The final strike, delivered with surgical precision: "Who do you think becomes their next target after they eliminate us? The tall tree draws the axe, Kingpin. And you're the tallest one left in New York."
She ended the call without waiting for a response. Fisk was intelligent enough to recognize the trap closing around him. He'd make the correct decision.
Wilson Fisk stood motionless before his office window, the phone still pressed to his ear as the dial tone droned. Madame Gao had forced his hand brilliantly, a political and strategic masterpiece.
If he refused to cooperate, the Hand would view him as an obstacle and target him regardless of the war's outcome. But if the Fraternity won, and they'd already demonstrated terrifying effectiveness against the Russians, the Camorra, and the High Table, he'd become their next priority target.
The Fraternity had methodically dismantled every major criminal organization in the United States over the past months. The pattern was clear: they weren't interested in territory or profit. They wanted elimination. Total, absolute, permanent removal of what they considered evil.
And by any reasonable definition, Wilson Fisk qualified as evil.
Even if they acknowledged his anonymous warning about the Hand's arrival, even if they recognized that intelligence as a friendly gesture, the best he could hope for was survival. His organization would still be dismantled. His empire would still crumble.
Worse, given the Fraternity's absolutist philosophy, could he truly trust them to spare even his life? They'd killed everyone else.
His jaw tightened as the reality settled over him like a burial shroud. There was no safe path forward. Only variations of danger.
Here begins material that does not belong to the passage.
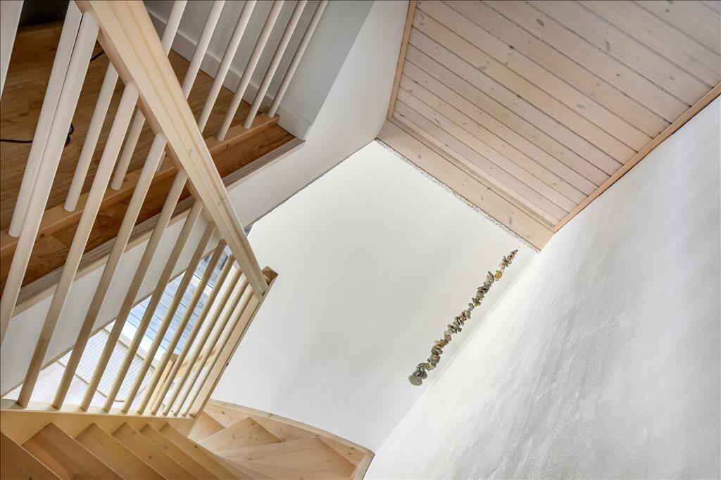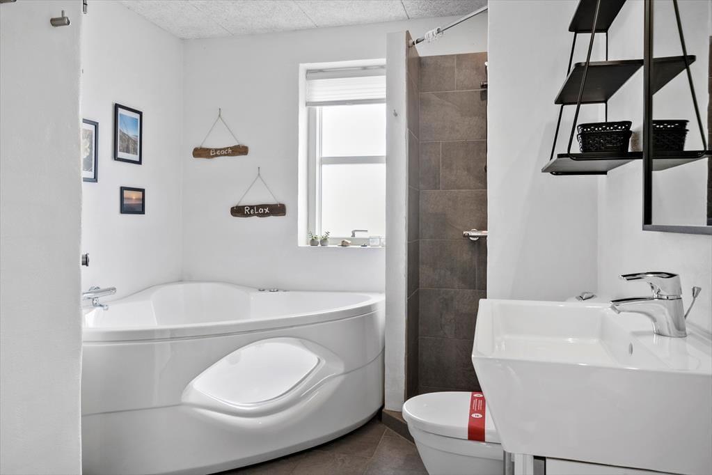 Sommerhuset er indrettet i to plan, og allerede når du træder indenfor, fornemmer du den varme og velgennemtænkte atmosfære. I stueplan finder du opholdsstuen med brændeovn og store vinduer, som inviterer dagslyset indenfor og skaber en rolig ramme om familiens feriestunder. Herfra er der direkte udgang til terrassen, så inde- og udeliv let smelter sammen. Spaen og saunaen ligger i stueetagen og er oplagte til en stund med selvforkælelse – især efter en blæsende tur ved havet. På første sal finder du et lyst og hyggeligt fællesrum med både sofagruppe og bordfodbold, som indbyder til leg, grin og hyggelige timer sammen. Indretningen emmer af kvalitet, og uanset årstid er det let at finde roen og komme ned i gear her.

He picked up his phone and dialed Bullseye's direct line. The call connected immediately.
"Boss?"
"Gather the men," Fisk said, his voice carrying the weight of inevitability. "Full mobilization. We can't stay neutral any longer."
"About time," Bullseye replied, audible excitement coloring his tone. "Which side are we hitting?"
Fisk stared out at the glittering Hell's Kitchen skyline, his kingdom, for however much longer it lasted.
"I'll provide targeting information shortly. Be ready to move within the hour."